(EXERCISE) Would you transcribe the lines running from the one that holds "Polished Sterling Silver" to the last line of the records? Leave every picture out.

(Data records)
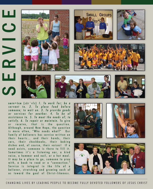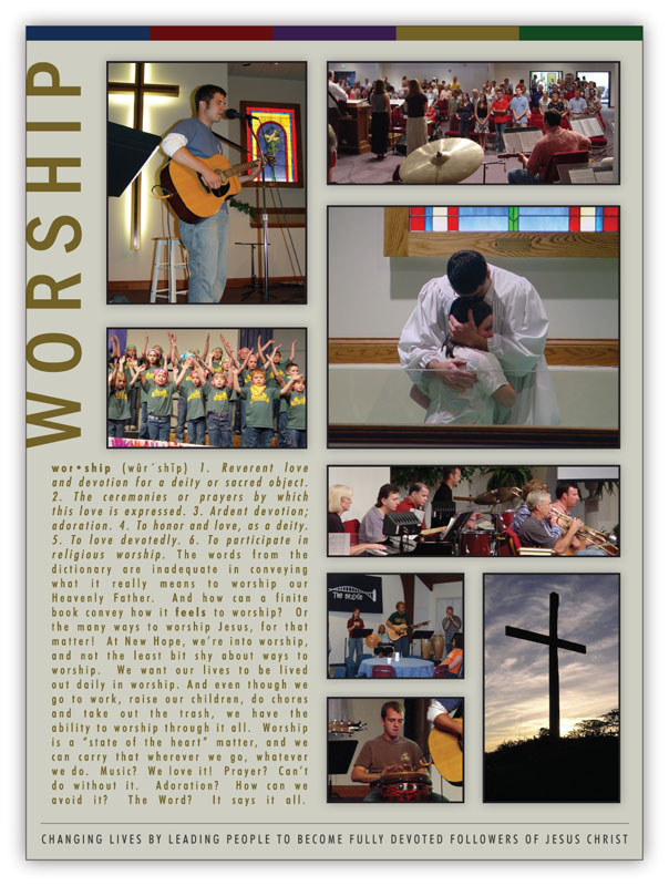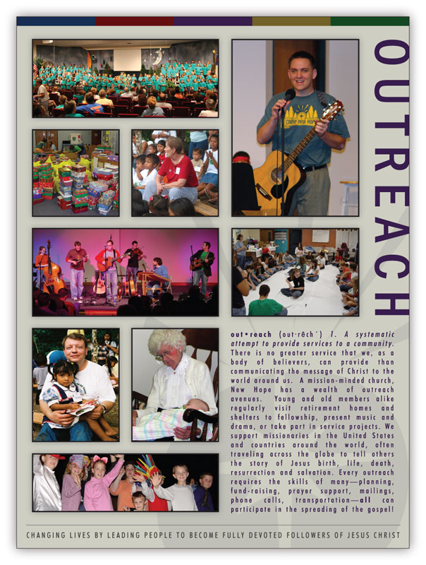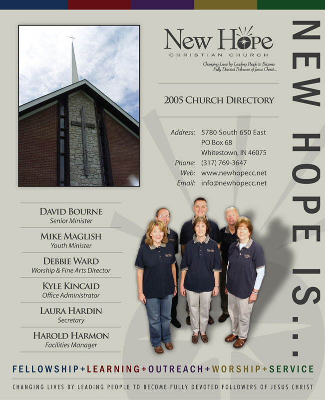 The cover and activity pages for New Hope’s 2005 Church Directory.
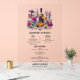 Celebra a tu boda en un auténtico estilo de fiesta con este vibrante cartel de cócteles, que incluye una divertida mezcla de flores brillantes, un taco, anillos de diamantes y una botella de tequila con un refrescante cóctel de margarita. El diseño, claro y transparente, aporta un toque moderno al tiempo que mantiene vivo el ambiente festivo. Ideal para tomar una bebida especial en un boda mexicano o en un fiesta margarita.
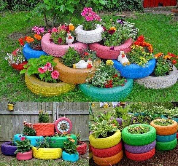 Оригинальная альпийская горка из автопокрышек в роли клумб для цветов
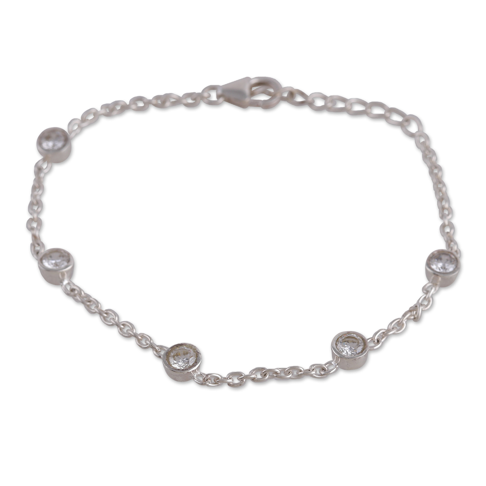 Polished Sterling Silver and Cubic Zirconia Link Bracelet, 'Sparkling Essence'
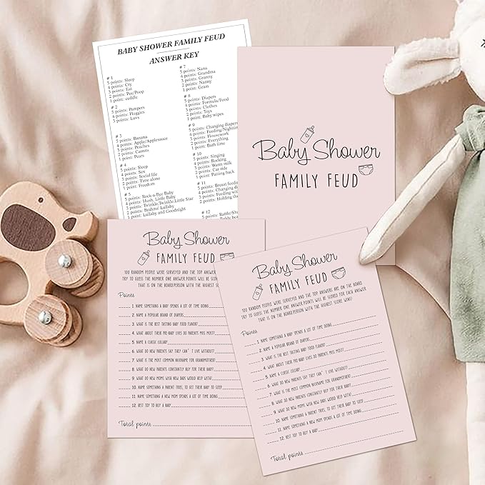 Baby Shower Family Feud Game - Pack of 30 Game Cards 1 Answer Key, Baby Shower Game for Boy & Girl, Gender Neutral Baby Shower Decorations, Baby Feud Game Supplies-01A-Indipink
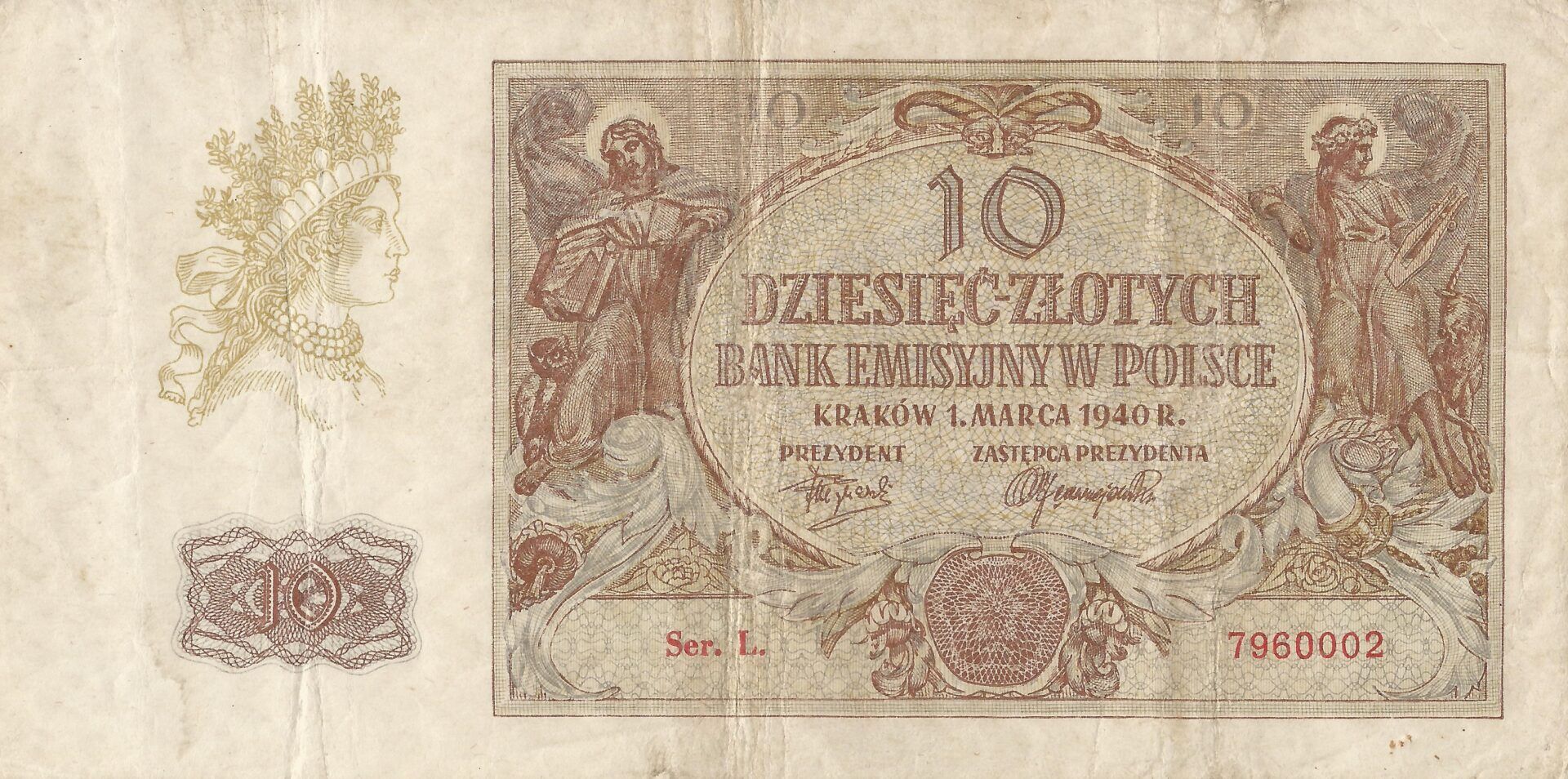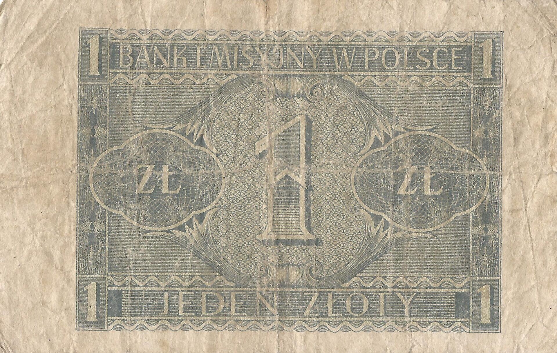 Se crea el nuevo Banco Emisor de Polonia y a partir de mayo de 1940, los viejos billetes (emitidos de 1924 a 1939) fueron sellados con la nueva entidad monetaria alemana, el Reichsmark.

(RESPONSE TO THIS EXERCISE)
 Polished Sterling Silver and Cubic Zirconia Link Bracelet, 'Sparkling Essence'
 Baby Shower Family Feud Game - Pack of 30 Game Cards 1 Answer Key, Baby Shower Game for Boy & Girl, Gender Neutral Baby Shower Decorations, Baby Feud Game Supplies-01A-Indipink
 Se crea el nuevo Banco Emisor de Polonia y a partir de mayo de 1940, los viejos billetes (emitidos de 1924 a 1939) fueron sellados con la nueva entidad monetaria alemana, el Reichsmark.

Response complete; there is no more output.